The Tomorrow People
Okay, take Classic Doctor Who. Specifically, 80s Doctor Who. Now half its already low budget. Then recast everybody with Adric, a whole crowd of Adrics. That's The Tomorrow People, a show about genetically superior children, that equated "genetically superior" with "smarmy autists in revealing clothing who can teleport".
Even for an audience too familiar with Torchwood and Bill Potts, Tomorrow People was gaaaaaaaaaaaaaaaay. While they don't outright mention it, the subtext is heavier than Tom Baker's kidney stones. Every other serial involves an underage boy in either an opened shirt or bondage gear screaming for help as some alien gimp captures him. Marathoning this show is like going through a parade of long-haired barely pubescent twinks getting sexually humiliated by ITV producers. And I know that might sound exciting for you pedophiles, but it doesn't distract from how boring this show is otherwise. The slowest Doctor Who serial feels like a Tennant episode compared to this dreck. Now imagine being a child at the time this aired, and watching this show while all of your friends would rather watch Blake's 7 or Tom Baker. Depressing, isn't it?

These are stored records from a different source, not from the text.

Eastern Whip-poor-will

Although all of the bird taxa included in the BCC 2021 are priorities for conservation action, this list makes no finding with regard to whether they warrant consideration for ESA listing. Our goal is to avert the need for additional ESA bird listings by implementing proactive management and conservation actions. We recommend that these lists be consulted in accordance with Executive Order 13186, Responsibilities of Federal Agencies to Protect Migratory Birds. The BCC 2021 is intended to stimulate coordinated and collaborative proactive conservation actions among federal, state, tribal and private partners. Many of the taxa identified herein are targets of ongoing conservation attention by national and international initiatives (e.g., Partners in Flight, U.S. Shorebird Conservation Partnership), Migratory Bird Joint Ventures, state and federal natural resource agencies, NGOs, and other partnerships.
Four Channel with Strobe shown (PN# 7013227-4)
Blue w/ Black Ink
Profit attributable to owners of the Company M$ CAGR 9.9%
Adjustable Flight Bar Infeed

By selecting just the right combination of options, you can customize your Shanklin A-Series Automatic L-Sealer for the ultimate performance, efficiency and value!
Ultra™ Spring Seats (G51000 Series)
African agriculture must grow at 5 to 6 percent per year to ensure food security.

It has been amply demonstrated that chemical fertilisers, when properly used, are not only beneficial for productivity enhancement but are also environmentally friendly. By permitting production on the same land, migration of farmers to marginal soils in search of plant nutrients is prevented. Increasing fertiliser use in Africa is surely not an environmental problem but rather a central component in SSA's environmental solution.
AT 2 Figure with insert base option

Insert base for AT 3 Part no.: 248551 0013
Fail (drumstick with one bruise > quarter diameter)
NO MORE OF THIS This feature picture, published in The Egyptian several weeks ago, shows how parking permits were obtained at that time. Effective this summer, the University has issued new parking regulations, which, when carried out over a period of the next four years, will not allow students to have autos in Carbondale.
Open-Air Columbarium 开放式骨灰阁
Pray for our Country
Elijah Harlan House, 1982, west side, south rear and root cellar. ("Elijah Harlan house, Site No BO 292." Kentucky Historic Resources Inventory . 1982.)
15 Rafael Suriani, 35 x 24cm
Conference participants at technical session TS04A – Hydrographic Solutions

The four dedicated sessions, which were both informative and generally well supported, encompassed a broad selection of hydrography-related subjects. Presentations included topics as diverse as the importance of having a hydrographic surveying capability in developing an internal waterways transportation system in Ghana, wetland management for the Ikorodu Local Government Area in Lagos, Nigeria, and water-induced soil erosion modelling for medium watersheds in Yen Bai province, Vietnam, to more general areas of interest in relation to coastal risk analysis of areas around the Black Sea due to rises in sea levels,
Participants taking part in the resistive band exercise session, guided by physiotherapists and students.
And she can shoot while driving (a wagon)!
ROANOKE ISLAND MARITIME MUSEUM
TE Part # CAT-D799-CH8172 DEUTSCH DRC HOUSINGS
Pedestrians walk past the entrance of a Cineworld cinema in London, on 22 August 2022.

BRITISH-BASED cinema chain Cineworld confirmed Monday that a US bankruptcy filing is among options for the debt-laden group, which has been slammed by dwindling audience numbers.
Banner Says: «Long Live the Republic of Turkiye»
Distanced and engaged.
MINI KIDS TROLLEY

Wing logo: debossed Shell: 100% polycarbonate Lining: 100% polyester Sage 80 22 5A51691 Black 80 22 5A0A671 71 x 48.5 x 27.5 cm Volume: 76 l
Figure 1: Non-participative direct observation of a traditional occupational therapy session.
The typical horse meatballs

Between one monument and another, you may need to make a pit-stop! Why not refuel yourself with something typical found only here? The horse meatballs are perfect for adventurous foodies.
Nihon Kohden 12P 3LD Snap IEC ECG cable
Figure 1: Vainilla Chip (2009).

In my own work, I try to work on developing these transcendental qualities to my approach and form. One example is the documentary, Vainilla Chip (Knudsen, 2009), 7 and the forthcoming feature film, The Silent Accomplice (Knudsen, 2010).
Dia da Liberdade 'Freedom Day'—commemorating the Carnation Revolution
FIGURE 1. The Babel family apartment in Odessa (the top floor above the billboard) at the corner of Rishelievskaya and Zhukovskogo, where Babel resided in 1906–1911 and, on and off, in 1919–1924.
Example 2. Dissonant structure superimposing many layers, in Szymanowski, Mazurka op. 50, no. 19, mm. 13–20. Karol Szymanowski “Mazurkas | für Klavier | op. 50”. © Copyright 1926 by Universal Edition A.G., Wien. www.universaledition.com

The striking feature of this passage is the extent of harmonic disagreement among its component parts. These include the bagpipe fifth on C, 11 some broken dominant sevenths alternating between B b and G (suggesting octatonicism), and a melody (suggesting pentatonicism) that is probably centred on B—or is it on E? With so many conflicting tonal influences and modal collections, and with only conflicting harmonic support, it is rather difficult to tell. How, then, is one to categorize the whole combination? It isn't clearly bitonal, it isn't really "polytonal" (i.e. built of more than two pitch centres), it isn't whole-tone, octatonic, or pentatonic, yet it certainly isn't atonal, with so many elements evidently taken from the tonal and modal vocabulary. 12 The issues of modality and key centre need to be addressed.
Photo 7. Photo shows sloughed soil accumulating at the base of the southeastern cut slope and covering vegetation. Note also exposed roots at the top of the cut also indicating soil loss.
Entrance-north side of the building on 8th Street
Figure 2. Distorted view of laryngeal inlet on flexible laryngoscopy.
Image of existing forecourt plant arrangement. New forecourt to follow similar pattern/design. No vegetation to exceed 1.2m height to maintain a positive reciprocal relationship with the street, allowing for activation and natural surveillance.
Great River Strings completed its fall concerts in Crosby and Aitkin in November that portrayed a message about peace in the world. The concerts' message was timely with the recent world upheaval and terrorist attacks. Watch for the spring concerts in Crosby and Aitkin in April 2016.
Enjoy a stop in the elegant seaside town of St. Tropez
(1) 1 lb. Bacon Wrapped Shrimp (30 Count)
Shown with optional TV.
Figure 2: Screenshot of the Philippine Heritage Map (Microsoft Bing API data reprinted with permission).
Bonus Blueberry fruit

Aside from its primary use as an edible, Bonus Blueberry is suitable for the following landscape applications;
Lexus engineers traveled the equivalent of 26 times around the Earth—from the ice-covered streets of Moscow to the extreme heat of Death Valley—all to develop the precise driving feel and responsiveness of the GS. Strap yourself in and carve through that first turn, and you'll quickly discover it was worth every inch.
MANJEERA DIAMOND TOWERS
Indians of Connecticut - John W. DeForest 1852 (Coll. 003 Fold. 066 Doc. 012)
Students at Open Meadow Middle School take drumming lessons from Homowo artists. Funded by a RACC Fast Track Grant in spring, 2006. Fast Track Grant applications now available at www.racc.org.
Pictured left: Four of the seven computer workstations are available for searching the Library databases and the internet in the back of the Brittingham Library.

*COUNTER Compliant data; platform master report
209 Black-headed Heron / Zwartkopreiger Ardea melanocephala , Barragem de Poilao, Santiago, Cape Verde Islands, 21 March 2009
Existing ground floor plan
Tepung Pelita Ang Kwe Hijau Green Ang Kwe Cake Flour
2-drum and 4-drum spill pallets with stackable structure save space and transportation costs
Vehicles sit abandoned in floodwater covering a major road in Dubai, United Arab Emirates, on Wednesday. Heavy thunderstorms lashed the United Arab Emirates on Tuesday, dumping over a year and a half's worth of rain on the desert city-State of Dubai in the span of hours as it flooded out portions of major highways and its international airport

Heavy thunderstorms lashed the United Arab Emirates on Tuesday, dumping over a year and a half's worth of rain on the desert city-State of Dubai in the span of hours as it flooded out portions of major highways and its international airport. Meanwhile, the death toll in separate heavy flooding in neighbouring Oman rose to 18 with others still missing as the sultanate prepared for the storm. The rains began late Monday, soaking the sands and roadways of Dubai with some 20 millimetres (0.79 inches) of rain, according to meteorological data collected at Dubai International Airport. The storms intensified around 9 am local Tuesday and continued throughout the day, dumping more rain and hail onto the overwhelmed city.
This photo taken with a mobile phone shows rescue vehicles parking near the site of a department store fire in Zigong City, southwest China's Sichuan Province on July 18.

Just like Doctor Who, it was brought back for a new audience. Except it was brought back two times. Once as a 90s Nickelodeon show that removed all the pandering shots of shirtless little boys but kept the meandering story. Again as a 2013 CW melodrama that retained the shirtlessness, but aged all the boys up to their mid to late twenties.
And in the midst, Big Finish made a brief audio revival featuring the original 70s cast, lasting for 5 series before Briggs realized nobody liked Tomorrow People for the plot and cancelled it.
Recently, a fourth attempt to revive this franchise of homosexual psychic children was successful and appealed beyond the elderly, sexually repressed men demographic. Except they retitled it Stranger Things.